In order to create a compact representation of a monogram, I wanted to get the raw curve info from the Latim Modern Roman font, not the rendered glyphs.

This article documents how I did that.

Converting the font to readable form

This was done in several steps.

First analyze the font by dumping the internal table names:

otfinfo -t lmroman10-regular.otf|grep CFF
61140 CFF

The fact that it has a CFF table indicates that this is a PostScript Type 1 font.

Note

The procedure outlined in this article only works for PostScript fonts!
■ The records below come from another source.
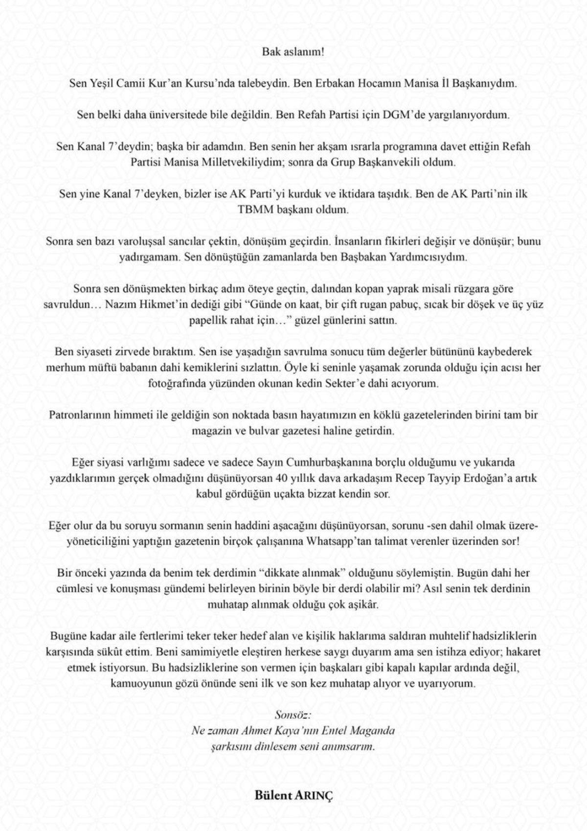 "Bak aslanım!" diyerek sözlerine başlayan Arınç, "Patronlarının himmeti ile geldiğin son noktada basın hayatımızın en köklü gazetelerinden birini tam bir magazin ve bulvar gazetesi haline getirdin. Seninle yaşamak zorunda olduğu için acısı her fotoğrafında yüzünden ookunan kedin Sekter'e dahi acıyorum" diye belirtti.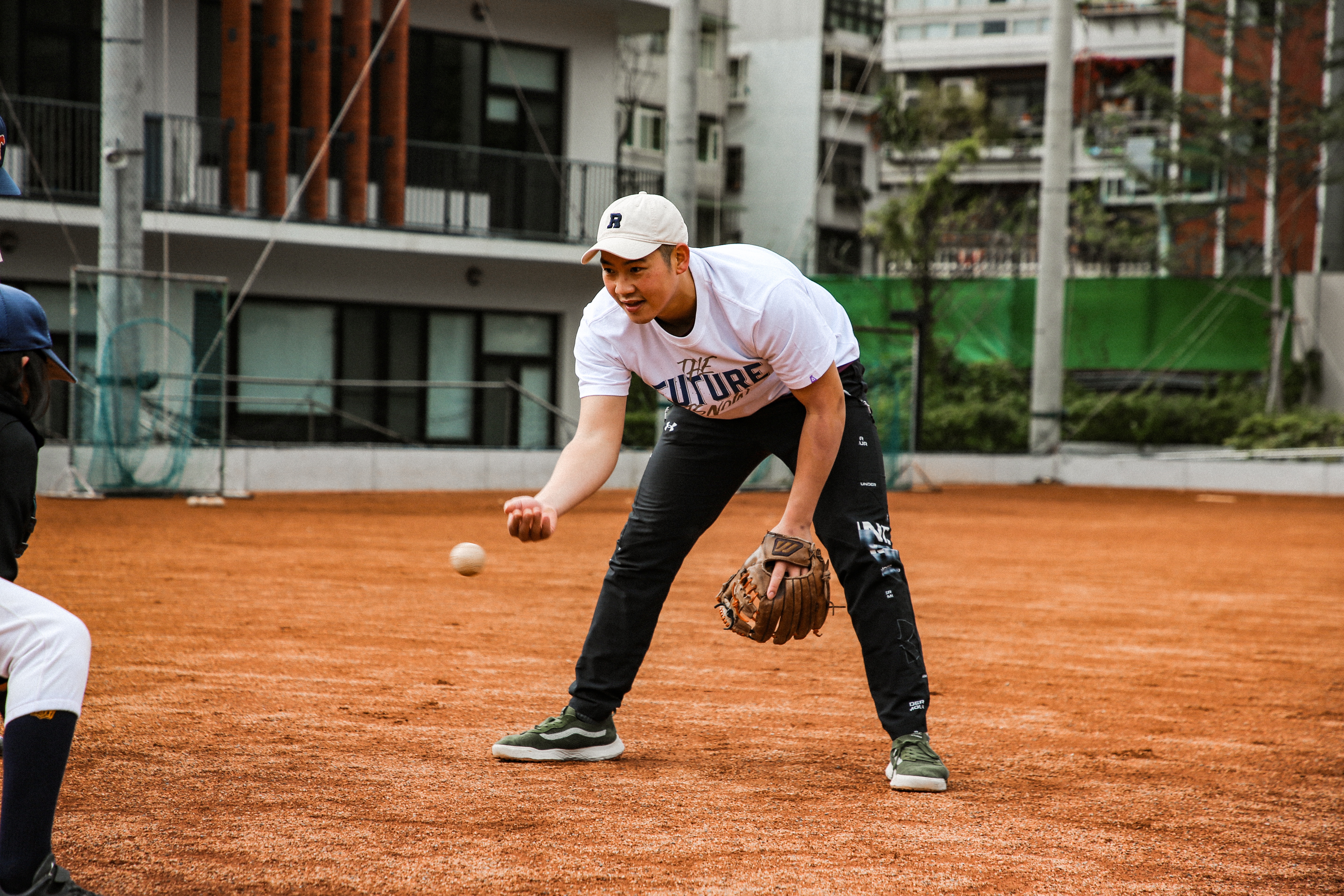 投手丘上,王彥程與曹竣崵緊盯著小投手,仔細的修正動作。日文溝通無礙的梁家榮負責傳授內野的守備技巧。而蔣少宏則是與樂樂棒球部進行分組對抗,和小朋友互動打成一片。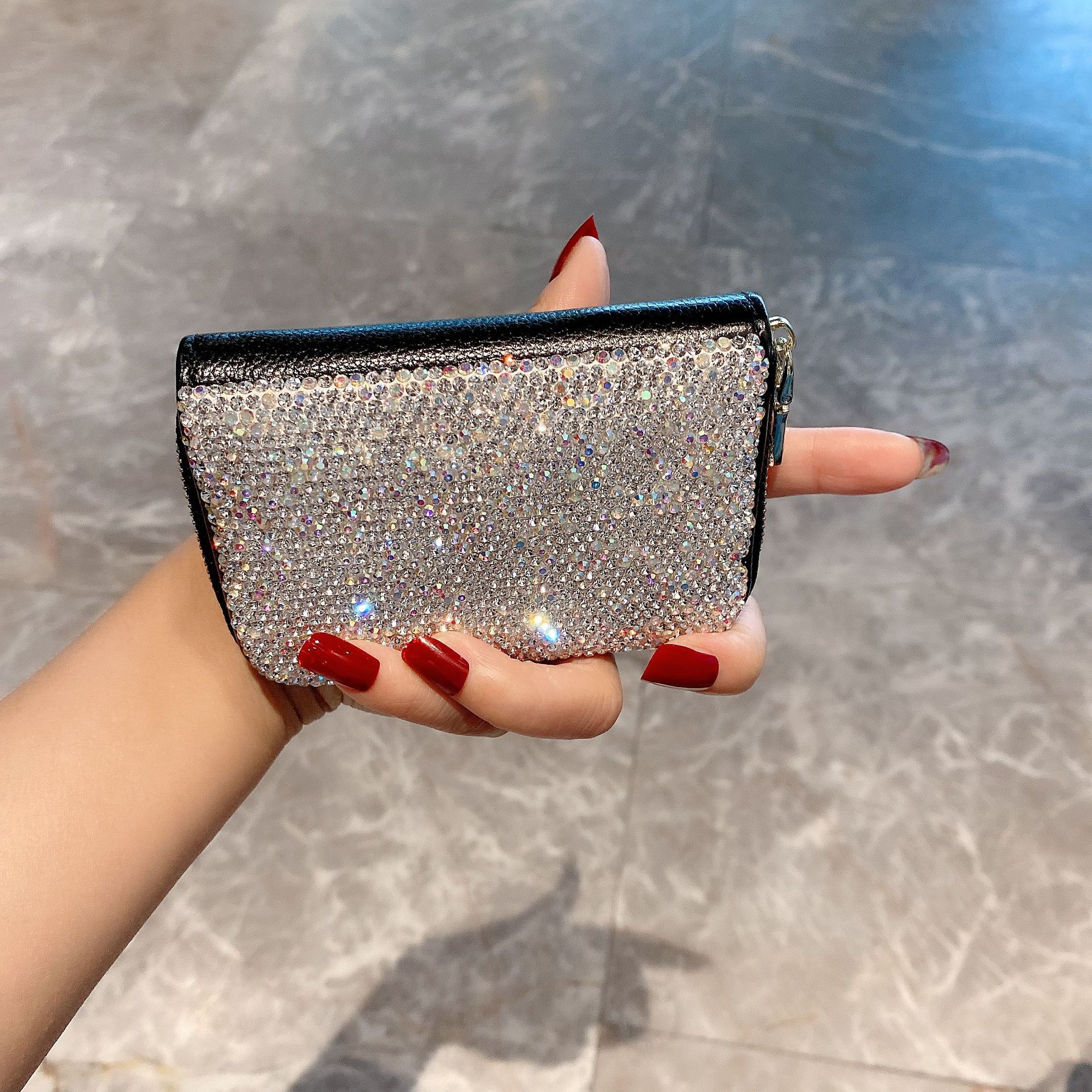 | nameOriginal | Genuine Leather Zipper Small Wallet Women's Short Card Bag with Diamonds Ultra-thin Exquisite High-end High-capacity Multi-card Small Trendy |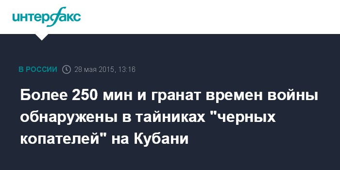 Москва. 28 мая. INTERFAX.RU - Сотрудники ФСБ ликвидировали в Крымском районе Краснодарского края схроны "черных копателей" с боеприпасами времен Великой Отечественной войны, масса взрывчатки оценивается в 70 кг в тротиловом эквиваленте, сообщили в пятницу "Интерфаксу" в группе общественных связей краевого УФСБ.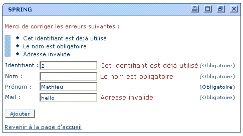 On a choisi ici de traiter ce type d'exception de façon non bloquante, un lien en bas de la vue permet de revenir à la page d'accueil de notre application.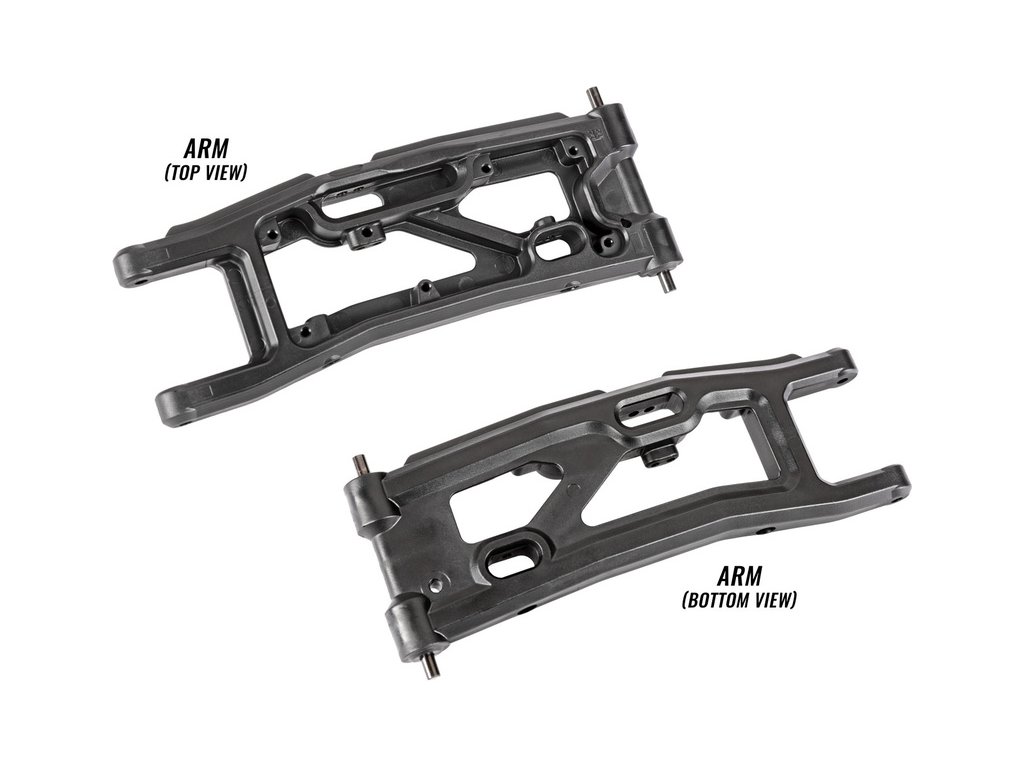 Podvozek RC modelu tvoří lehký a odolný hliníkový plát o tloušťce 3.2 mm. Po celé délce jsou hrany tvarované pro zvýšení pevnosti. Obří přední a zadní příčné výztuhy, připevněné v šesti bodech, poskytují zvýšenou odolnost na nejvíce exponovaných místech při dopadu modelu, což jsou krky podvozku u zavěšení. Pro celkové propojení a vyztužení je použita patentovaná středová výztuha ve tvaru T. Stejně jako podvozek a středová výztuha jsou i věže tlumičů hliníkové s krásným modrým eloxováním.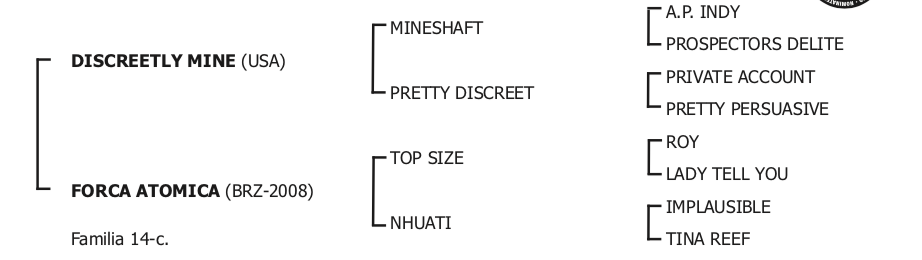 FORCA ATOMICA, por Top Size.- Ganadora de 5 carreras consecutivas en Maro- ñas, incl. Clás. Pedro Indart Denis (URU), Clás. Yerba Amarga (URU), 3ro. Clás. Plinio Oribe y Andres Oribe Deus (URU), hermana materna de HIJO LEJANO (BRZ-L). Madre de: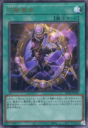 自分の手札・フィールドのモンスターを融合素材とし、ドラゴン族・魔法使い族の融合モンスター1体を融合召喚する。
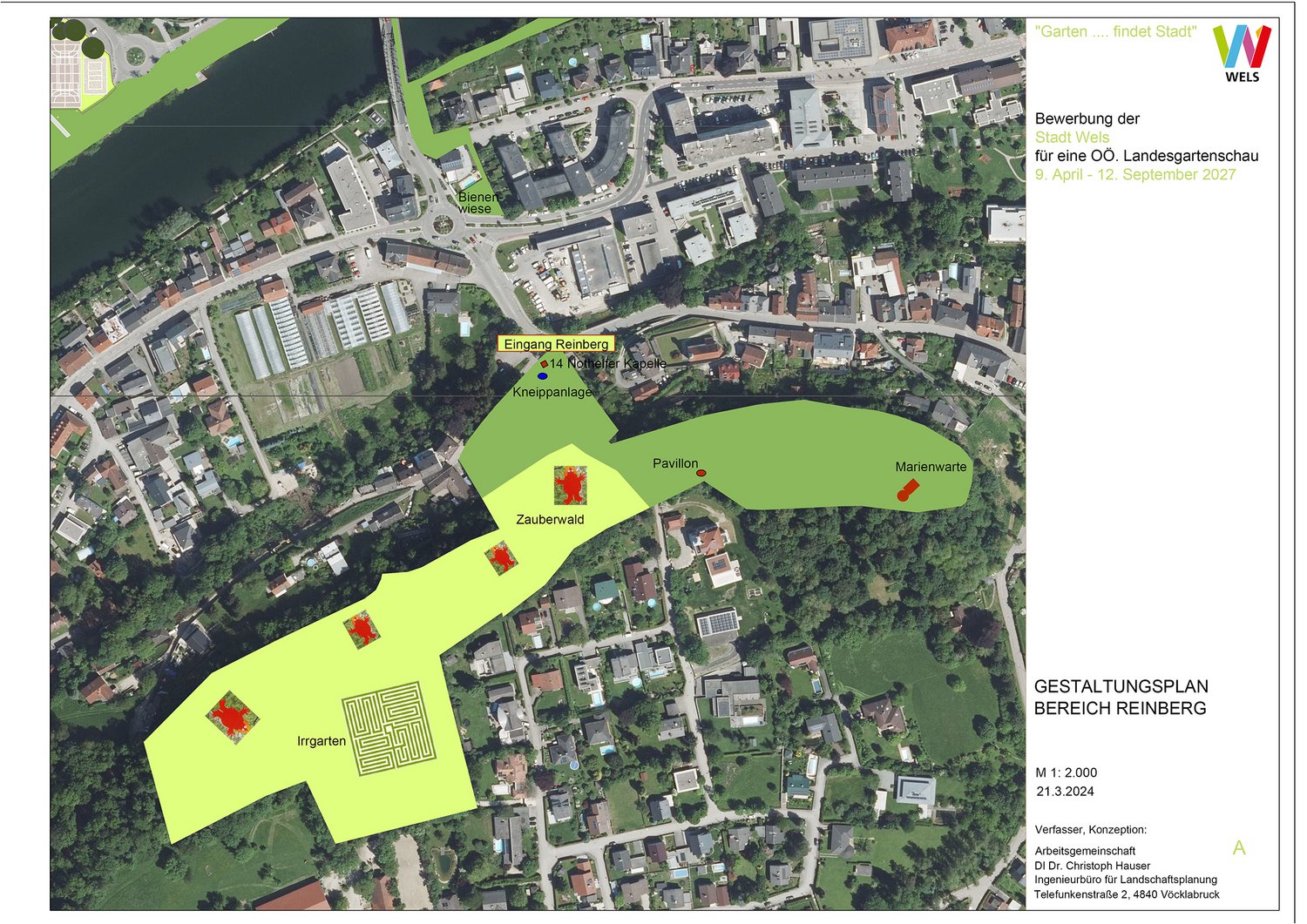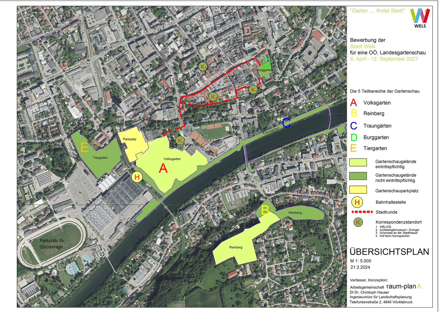 Für die Konzepterstellung konnte Wels Dipl.-Ing. Dr. Christoph Hauser von der Arbeitsgemeinschaft raum-planA (Vöcklabruck/Grieskirchen) gewinnen. Der Landschaftsökologe und -gestalter (Universität für Bodenkultur Wien) hat bereits drei OÖ. Landesgartenschauen als Geschäftsführer begleitet: Vöcklabruck 2007, Ansfelden 2011 und Bad Ischl 2015. Diese Erfahrungen flossen in das mit Dipl.-Ing. Christoph Haslmayr (Leiter Dienststelle Stadtgärtnerei) entworfene Konzept „Garten…findet Stadt“ für die von Freitag, 9. April bis Sonntag, 12. September 2027 geplante OÖ. Landesgartenschau ein. Für diese ist Wels gleich aus mehreren Gründen als Austragungsort bestens geeignet: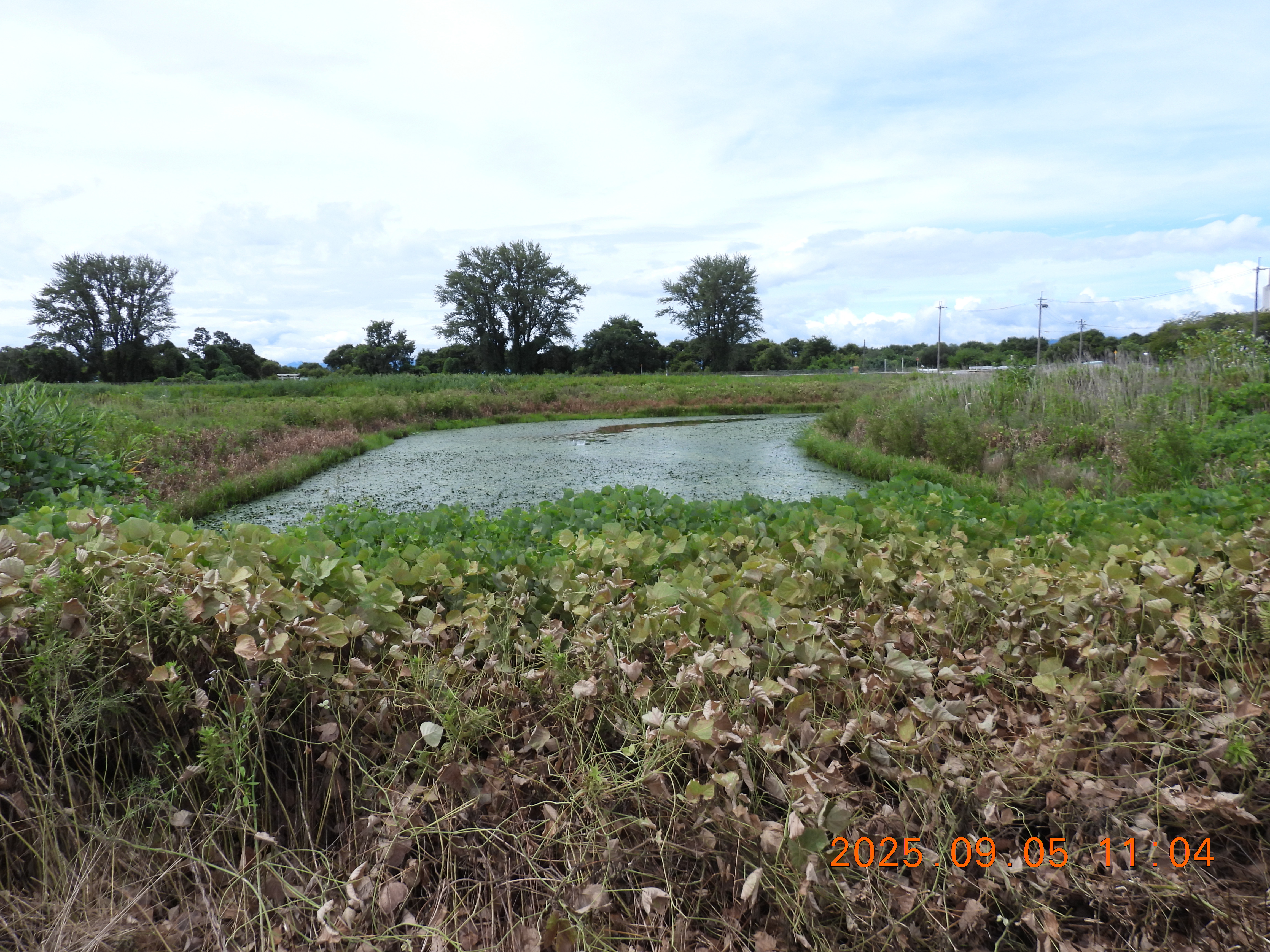 マコモ原 今年は水不足と暑さでマコモは、いろんな草に負けてきています。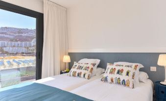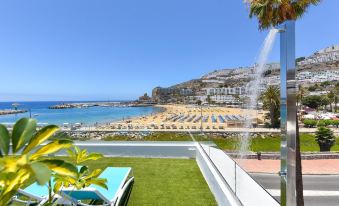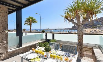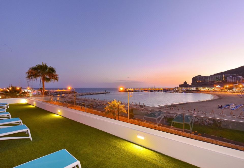 Modern, beautiful apartment block "BeachFront Morea 3 Puerto Rico". In the centre of Puerto Rico, in a central, busy, sunny position, 20 m from the sea, 20 m from the beach. Parking at the house. Bus stop "Escuela de Vela" 600 m. The owner does not accept any youth groups. Neighbourhood highly sensitive to noise. Quietness and good behaviour expected. Please be advised that a tourist tax will be applied to all stays in the municipality of Mogán. Effective from March 11, 2025, the tax rate is €0.15 per person, per night and will be added to your total stay cost. "Morea 3", 3-room apartment 90 m2 on 2 levels. Comfortable and modern furnishings: living room with satellite TV, digital TV and air conditioning. Exit to the terrace. Open kitchen (oven, dishwasher, 4 ceramic glass hob hotplates, toaster, kettle, microwave, freezer, electric coffee machine) with dining table. Sep. WC. Upper floor: 1 room with 1 french bed and air conditioning. Exit to the balcony. 1 room with 2 beds and air conditioning. Exit to the balcony. Shower/WC. 2 balconies, terrace. Terrace furniture, balcony furniture. View of the sea and the countryside. Facilities: washing machine, iron, baby cot for up to 2 year olds, hair dryer. Internet (WiFi, free). Parking (1 car). Please note: non-smokers only. 2024-T27874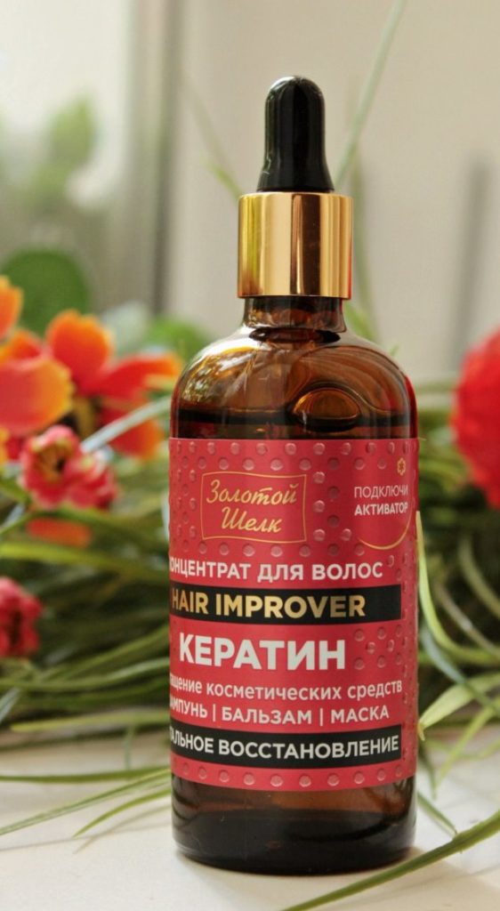 The concentrate with keratin extract will be the perfect complement to any shampoo or balm. The concentrate penetrates deeply into the hair column and restores damaged areas.Thanks to this product, the hair is restored in a short time, becomes shiny and smooth. The split ends are glued together. Users note that during combing, hair loss is reduced.

OpenType fonts can also contain TrueType fonts.

Extract the internal PostScript Type 1 font:

otftotfm lmroman10-regular.otf

This yields the PostScript font binary LMRoman10-Regular.pfb. The generated tfm and enc files can be deleted.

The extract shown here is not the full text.